Forwarded upstream: https://bugzilla.samba.org/show_bug.cgi?id=7545
This bug appears to have been reported against 'rawhide' during the Fedora 14 development cycle. Changing version to '14'. More information and reason for this action is here: http://fedoraproject.org/wiki/BugZappers/HouseKeeping
ccache 3.1 will contain two changes to tackle the problem: 1. Update one of the 16 $CCACHE_DIR/[0-9a-f]/stats files for things like "gcc --version" in one of the 16 subdirectories (selected pseudo-randomly) instead of $CCACHE_DIR/stats. This will reduce lock contention. 2. As suggested, use symlinks for locking instead of POSIX locks. -- Joel (upstream ccache maintainer)
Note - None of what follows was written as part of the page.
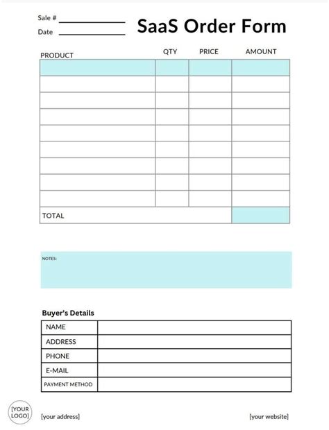 Sales Order Form Template for B2B SaaS Companies Growth Business

ccache-3.1-1.fc14 has been submitted as an update for Fedora 14. https://admin.fedoraproject.org/updates/ccache-3.1-1.fc14
ccache-3.1-1.fc14 has been pushed to the Fedora 14 testing repository. If problems still persist, please make note of it in this bug report. If you want to test the update, you can install it with su -c 'yum --enablerepo=updates-testing update ccache'. You can provide feedback for this update here: https://admin.fedoraproject.org/updates/ccache-3.1-1.fc14
ccache-3.1-1.fc14 has been pushed to the Fedora 14 stable repository. If problems still persist, please make note of it in this bug report.